The exposure parameters for each exposure scenario are given below the tables. The values used are standard values for this type of analysis (EPA, 1991; 1997). For groundwater, we estimated the dose of chemical that could be ingested from drinking, absorbed through the skin during showering, and the air concentration that could be inhaled during showering. For soil exposures, we estimated the dose from incidental ingestion of soil and the dose from breathing contaminated dust.
4.5.1.1 Gamma-chlordane, chlorophenol, cresol, 4,4'-DDE, 1,2-dichloroethylene, tetrachloroethylene, and trichloroethylene- None of these organic compounds were detected at high enough concentrations in soil to deliver a dose that would exceed the respective MRL. Therefore, exposure to these chemicals in soil is unlikely to cause illness.

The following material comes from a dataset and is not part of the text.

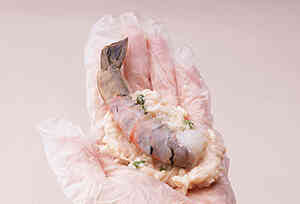 鶏ひき肉にマヨネーズ、塩、片栗粉、ナンプラー、小ねぎの刻んだものを入れて混ぜ合わせ、 2 のえびを包むようにえび団子を作ります。

These contaminants were also not detected in groundwater, either on-site or off-site, at high enough concentrations to deliver an oral dose that would exceed the oral MRL (Tables 11 and 14, Appendix B). The future use of on-site groundwater for showering, however, may generate an air concentration of dichloroethylene, tetrachloroethylene and trichloroethylene that exceeds the respective inhalation MRLs. However, we do not anticipate any illness from these air concentrations because of (1) the conservative nature in which the MRLs are calculated, (2) the brief exposure time during showering, and (3) shower use of on-site groundwater could only occur if a private well was drilled on-site. Therefore, noncancerous illnesses are not anticipated from exposure to these solvents and pesticides in groundwater when either consumed or used for showering. Although the private wells off-site were not contaminated, FDOH cannot conclude that off-site groundwater is safe due to the lack of comprehensive off-site sampling.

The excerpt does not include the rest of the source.